Enquanto escrevo, Djavan me devora. E ontem fui à sua turnê que passou por Salvador. Ele que é alagoano e apaixonado pelo seu estado, disse que se sente baiano também. A sua travessia vai terminar em Maceió. Vai rodar o Brasil em diversas capitais mas vai desaguar seu oceano nas águas da sua nascença.
Eu ainda nem levantei de ontem. Dormi e acordei com a voz de Djavan, me dissecando por dentro. Revivi tantas fases da minha vida. Me lembrei quando compramos um carro chamado “Parati”, não lembro o ano. Mas a concessionária deu de “brinde” um LP (leia-se élepê), um disco de vinil de Djavan. A capa era rosa. Ou lilás. E óbvio que foi dado pra sua dona, a minha irmã siamesa, que de tanto amar Djavan, tatuou Outono em sua pele.
Eis que tive o privilégio de assistir ao show de 50 anos de sua presença na música brasileira, num mês outonal, com folhas caindo e chuva brincando pelo ar. Minha mana também vai se extasiar, no dia 13 de junho, em Curitiba, também no outono.
E eu queria encerrar esse texto pensando que o amor quase dói. Quase. Quando a gente ama a gente sofre de amor, mas esquece que sofre.
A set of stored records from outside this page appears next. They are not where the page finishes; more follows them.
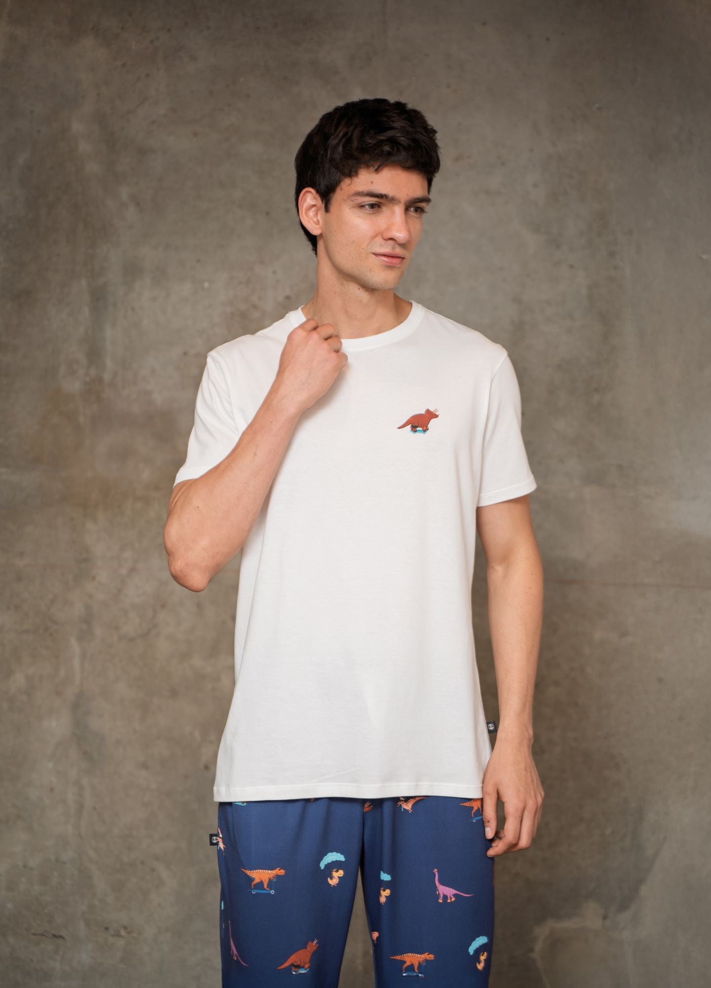 La prenda se complementa con una camiseta 100% algodón, disponible en color blanco en silueta regular. Este pantalón es perfecto tanto para relajarte en casa como para salir cómodo al aire libre, y combina con otros diseños de la colección para lograr el perfect match con tu pareja.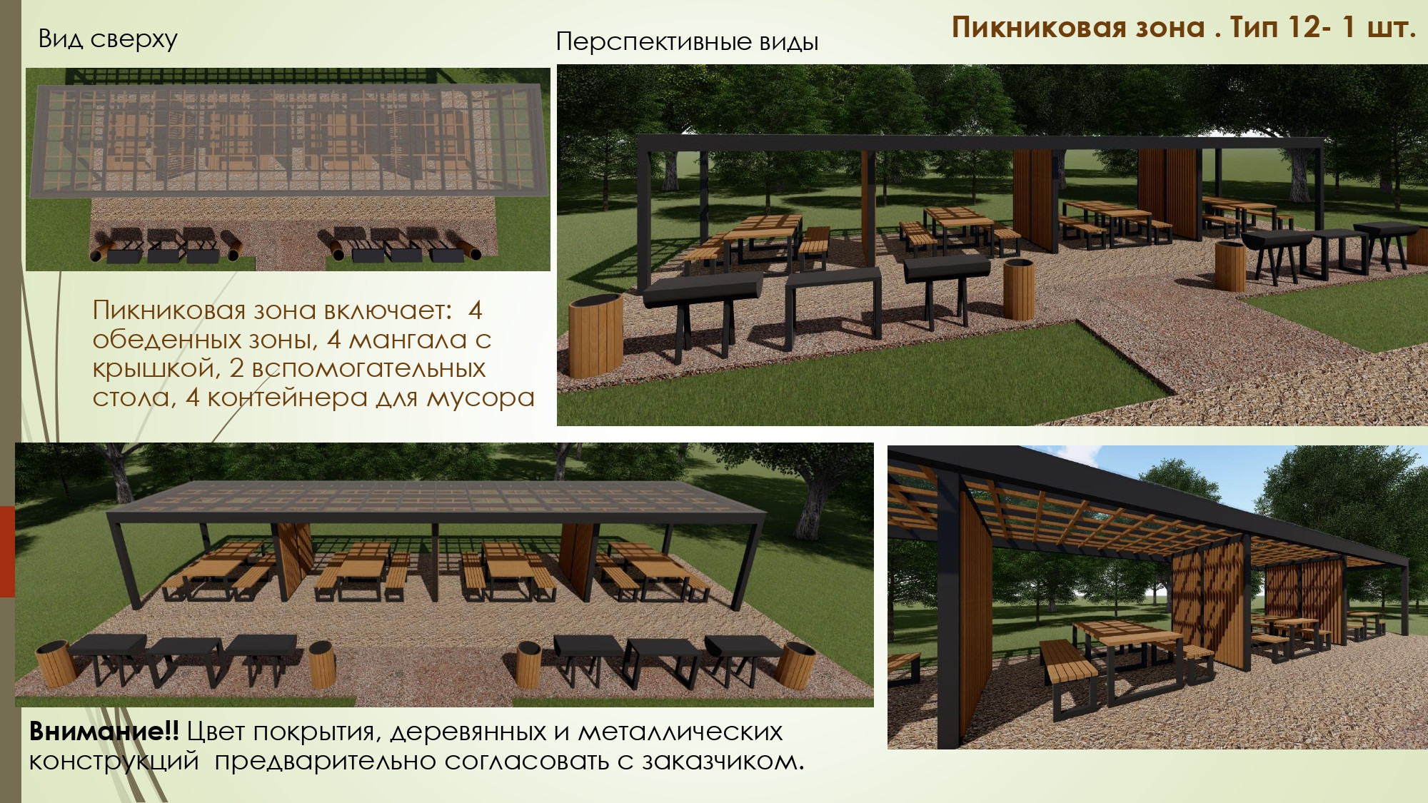 В парке установят сразу несколько видов лавочек разнообразной формы. Установят скамьи в виде шезлонгов, а также беседки. У некоторых зон отдыха будут навесы от солнца. Естественно, появятся в парке и урны.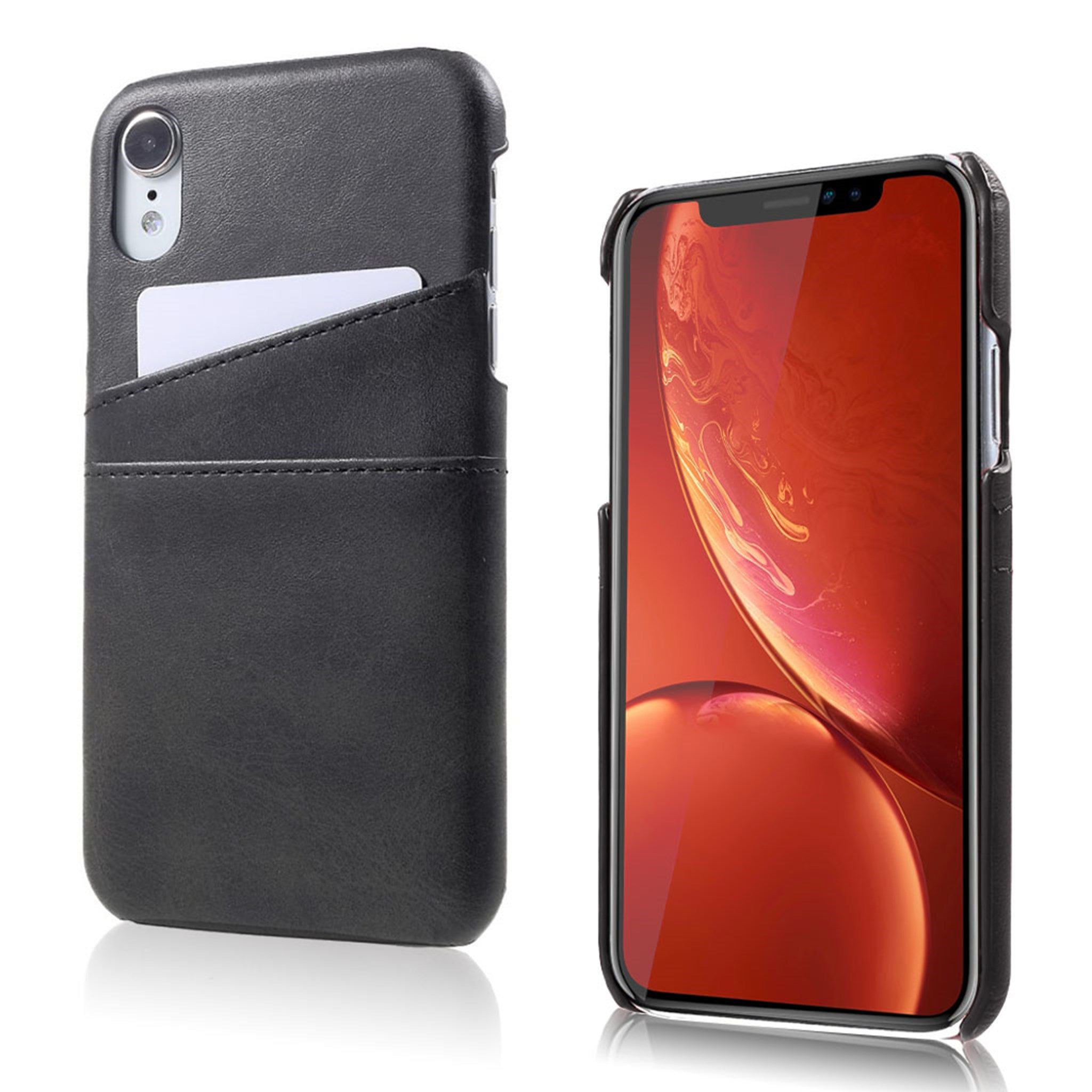 Funda de piel con doble ranura para tarjetas iPhone Xr - Negro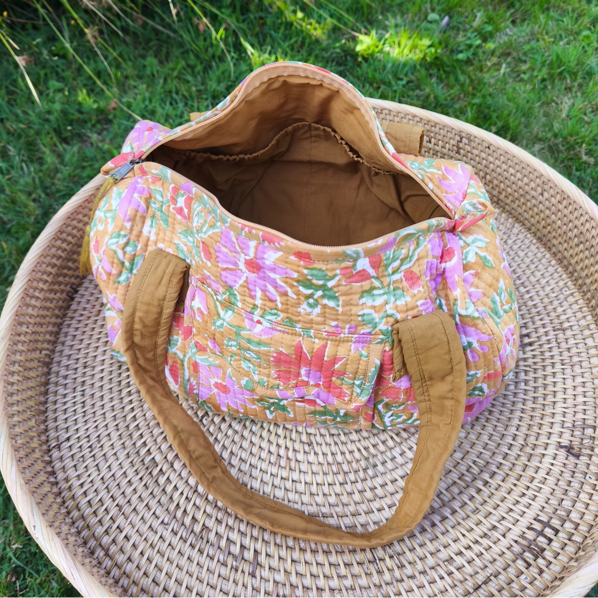 Sac en coton orange matelassé imprimé à fleurs rose et rouge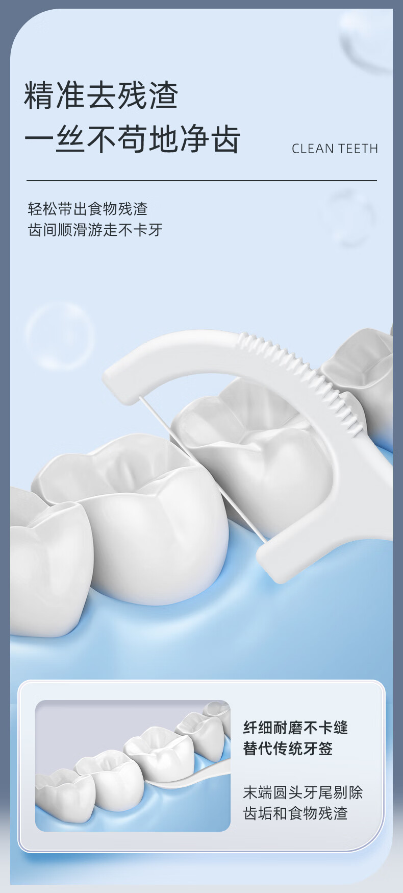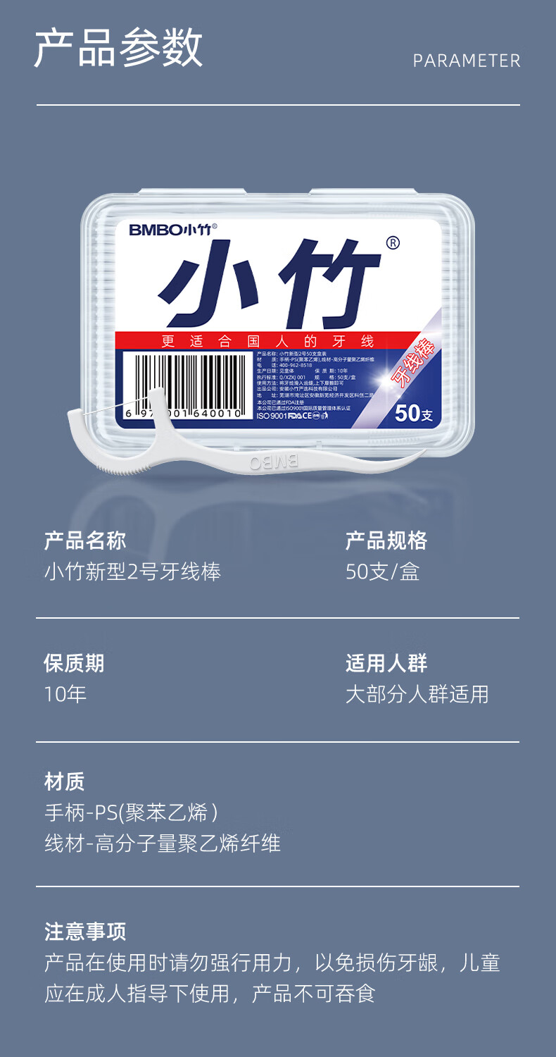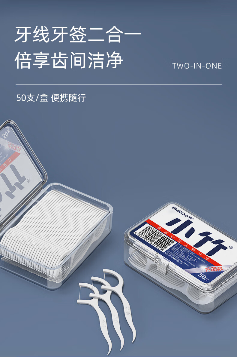小竹牙线棒超细成人牙签线圆线盒便携经典强韧型剔牙牙线独立包装 强韧牙线棒50支*8盒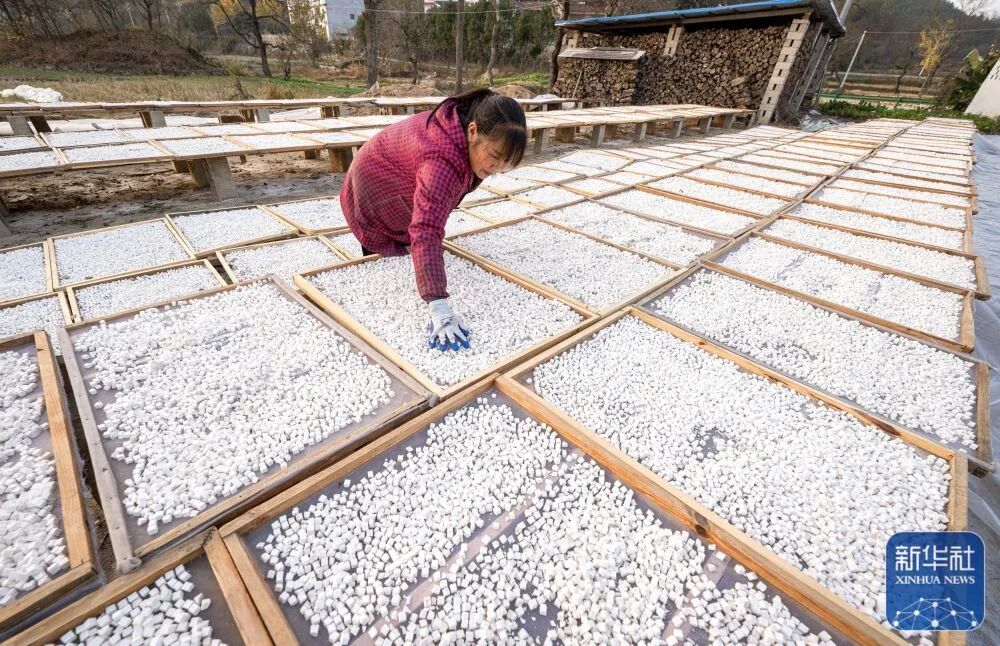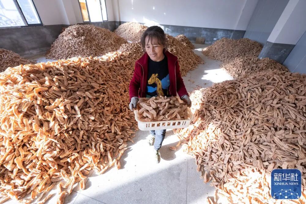 11月23日,在湖北省罗田县九资河镇葫芦石村,药农在整理晾晒的天麻。

Amar é mesmo um sofrimento delicioso. E, ao mesmo tempo, “amar é um deserto e seus temores… vida que vai na cela dessas dores”. E não sabe voltar.
Que bom que a gente aprende a amar para além do amor por outro alguém. Que bom que a gente aprende, até com desamores, a viver por nós, com nosso autocuidado que deve ser nutrido a partir do nosso amor-próprio. Mas que bom (também) que Djavan nos ensina e nos emociona tanto com a sua poesia. O seu legado é ancestral e a sua música de preto é pra sempre.
Ohhh meu Deus!!!
ReplyDeleteQue lindo, mana!
Chorando, aqui.
Verdade, vc nasceu , ele já entoava e compunha as suas letras e melodias . Autoral é ele!!
Acho q essa sintonia tbm, associo à
Excelência de violonista que ele e. Penso em Painho e Deca, tocando, sempre!
Amei o texto.
Ele é isso mesmo. Inspiração pra os nosso dias frios… e noites quentes.
Feliz por vc ter ido. Sentida por nao estar ao seu lado. Mas foi um momento de vcs dois. Kkk
Beijinhos . Amei o textão pra “nós”!
Pra o amor. Pra música de preto!!
Linda é vc, nossa escritora!
Oh… ele não tocou “flor do medo” mas eu o perdoei… amar quase dói 🤣🤣🤣🤣
ReplyDeleteOh mana, teria sido muito mais emocionante com você ao lado!! Mas você estava sim, como está sempre!! Te amo, Bolis!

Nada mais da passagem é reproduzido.